Sure. If the card was recovered without the camera motherboard then the decryption key would not have been recovered.
Stealing a camera is much harder than stealing an SD card out of a camera.
Citation needed. It might be slightly easier, but most cases where you can get part of the camera, you can get the whole camera. This isn't a little point-and-click with a handy spring-loaded slot either.
Yeah but the Camera's owner is much more likely to notice "my camera is missing" than "the SD card is blank for some reason... the SD card must have failed"

EDIT: The linked PDF has a photo, the camera literally opens up to access the SD card.
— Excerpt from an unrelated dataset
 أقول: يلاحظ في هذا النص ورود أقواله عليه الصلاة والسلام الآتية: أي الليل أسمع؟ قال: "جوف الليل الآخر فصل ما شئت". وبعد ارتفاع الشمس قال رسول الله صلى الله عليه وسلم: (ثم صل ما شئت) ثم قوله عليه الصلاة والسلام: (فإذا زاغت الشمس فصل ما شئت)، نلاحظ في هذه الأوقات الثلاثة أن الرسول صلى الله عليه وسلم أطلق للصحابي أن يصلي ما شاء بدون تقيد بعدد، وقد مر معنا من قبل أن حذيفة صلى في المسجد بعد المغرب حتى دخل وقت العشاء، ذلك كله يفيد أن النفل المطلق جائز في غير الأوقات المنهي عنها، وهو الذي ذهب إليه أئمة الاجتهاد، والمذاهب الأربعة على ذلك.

The camera's (former) owner may very well notice, but that will have little effect. It's much more common that cameras (security, photography, phones) get stolen with cards inside, rather than someone extracting the card and leaving the camera.
This is professional equipment, used for surveys. Think espionage, not consumer hardware.
Worth mentioning that I would immediately know if a different SD card was in my camera the moment I turned it on or ejected the card. If somebody knew to buy the same exact model and storage size that would be truly impressive.
Industrial espionage is far far more often done by hard work then being clever. Checking the SD cards you use and buying matching ones before executing a swap isn't noteworthy.
0. They were too cheap to use an industrial grade SD. Mind boggling.
If you read the article, the SD card was placed there by the camera manufacturer and then the device was sealed so it would withstand pressure, and then sold to divers. Blame the camera manufacturer's engineers.

Seems like the SD card of all things performed just fine, so it hardly seems like the weak point.

They are surprisingly resilient! There was a blog post a couple of years ago by someone who found a digital camera in the sea which must have been in the water for months. The author could look at the photos to see if they can find the original owner of the camera.